RECORDED INFORMATION:
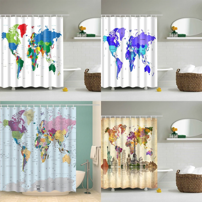 World Map Shower Curtain Waterproof Shower Curtain Colorful Eco
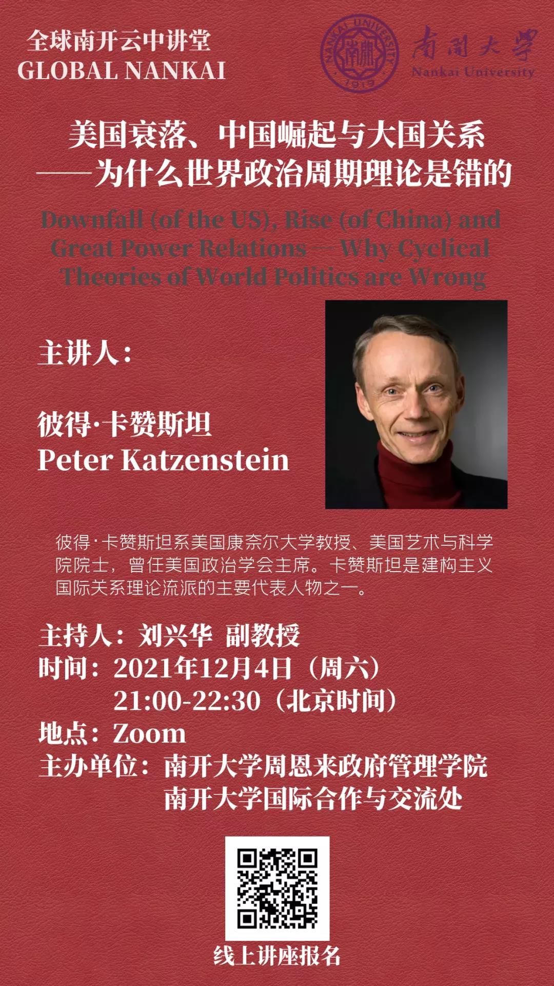 南开云中讲堂本次邀请美国康奈尔大学教授、美国艺术与科学院院士彼得·卡赞斯坦,做线上交流。他将为大家主讲中美关系,谈谈为什么世界政治周期理论是错的。
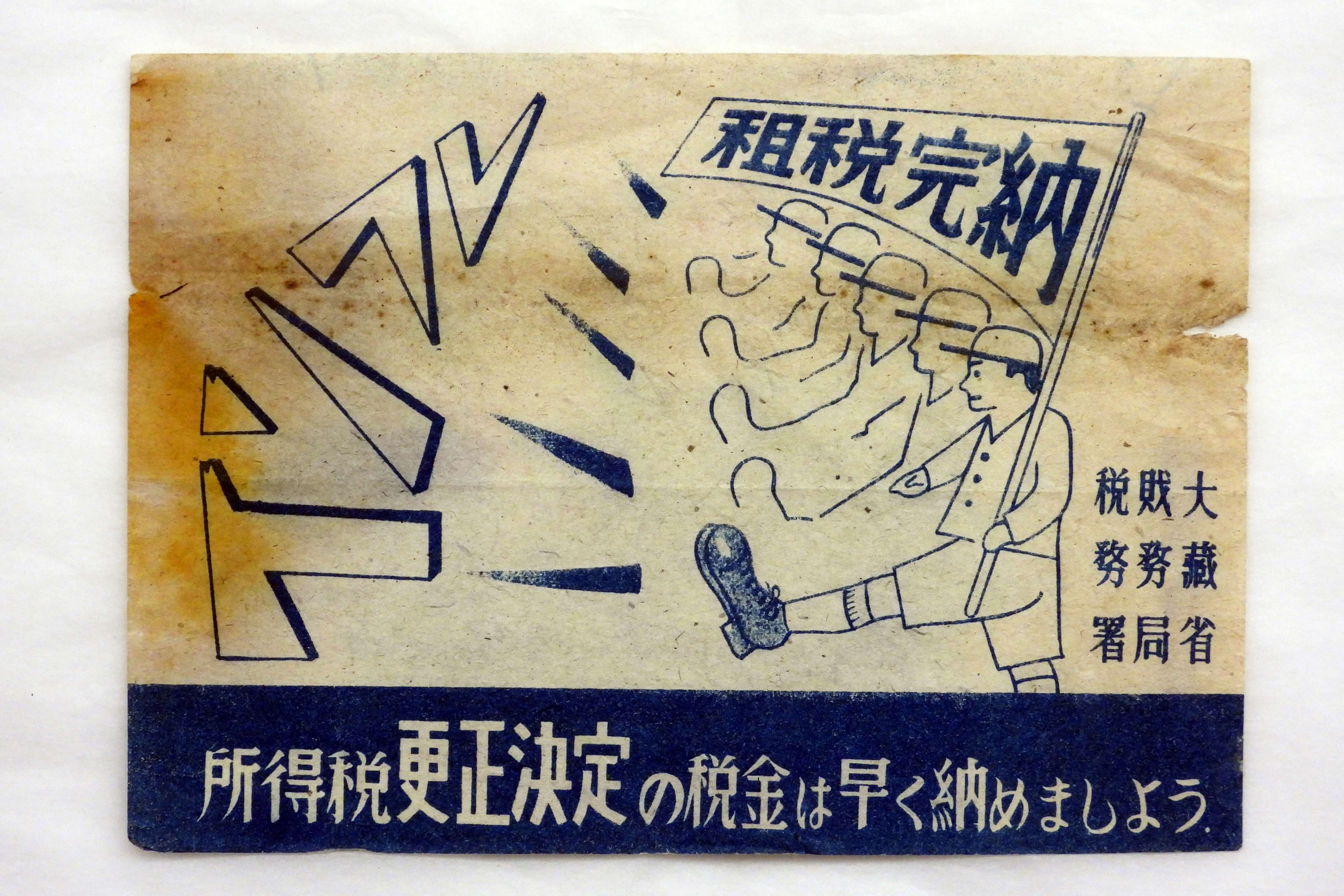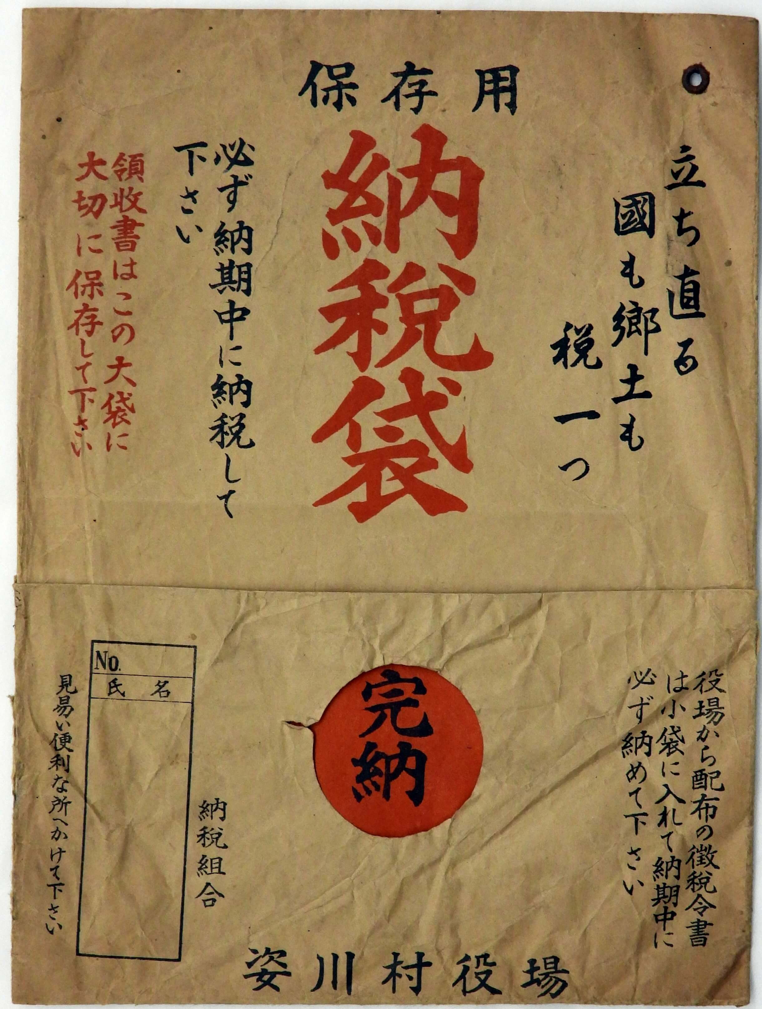 戦後に製作された納税袋です。先に紹介した納税令書入れと用途は同じですが、こちらは紙でできています。「立ち直る国も郷土も税一つ」というスローガンが印象的です。

AIM OF THE EXERCISE: Starting at the line that holds "南开云中讲堂本次邀请美国康奈" and stopping at the last line of the listing above, write out each line exactly as it appears, and omit the pictures.

FINISHED TASK:
 南开云中讲堂本次邀请美国康奈尔大学教授、美国艺术与科学院院士彼得·卡赞斯坦,做线上交流。他将为大家主讲中美关系,谈谈为什么世界政治周期理论是错的。
 戦後に製作された納税袋です。先に紹介した納税令書入れと用途は同じですが、こちらは紙でできています。「立ち直る国も郷土も税一つ」というスローガンが印象的です。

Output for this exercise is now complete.